With regard to your question, if it is wrong to examine both Qual and Quant studies, mixed methods systematic reviews are used. There are three types of mixed reviews. First, segregated (if you believe that both qualitative and quantitative approaches are distinct and should be analyzed separately). Second, contingent (if you believe that the qualitative and quantitative findings should be analyzed in a parallel manner and by moving back and forth), and finally integrated (if you believe that qualitative and quantitative approaches are not distinct, rather they qualify and complement each other).
Meta-integration or aggregation is the synthesis technique developed by JBI. It is based on the philosophy of pragmatism, that is, aggregation of studies in a way that they are more useful and practical for guiding practice and policymaking. This technique is mainly reserved for qualitative systematic reviews.
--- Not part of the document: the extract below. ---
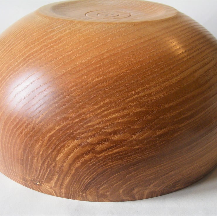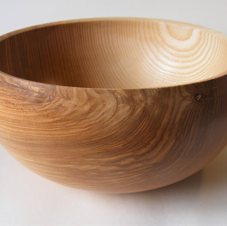 A large Olive Ash Food/salad or fruit bowl, 210 x 102mm (21 x 10.2 cm). A really nice olive ash bowl, which could be used as a decorative piece or as a food bowl, for serving or storage. It has a nicely curving shape that comes in at the top to a narrow in sloped rim. The colours change across the piece from light out wood to darker swirling colours of the heart of the tree.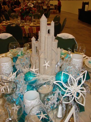 Each table had a favor for the guest to take home. I got a neat Christmas nativity ornament. The table above with the sand castle on it … well, each of her chairs was draped with a beach towel. She decorated with beach towels…how cute is that?!?

In addition, you may wana take a look at the 14 review typology developed by Grant and Booth to further clarify these terms.
References
Sandelowski, M., Voils, C. I., & Barroso, J. (2006). Defining and designing mixed research synthesis studies. Research in the Schools, 13(1), 29-40.
Grant, M. J., & Booth, A. (2009). A typology of reviews: an analysis of 14 review types and associated methodologies. Health Information & Libraries Journal, 26(2), 91-108.
Heyvaert, M., Hannes, K., & Onghena, P. (2017). Using mixed methods research synthesis for literature reviews: The mixed methods research synthesis approach. Thousand Oaks, California: Sage.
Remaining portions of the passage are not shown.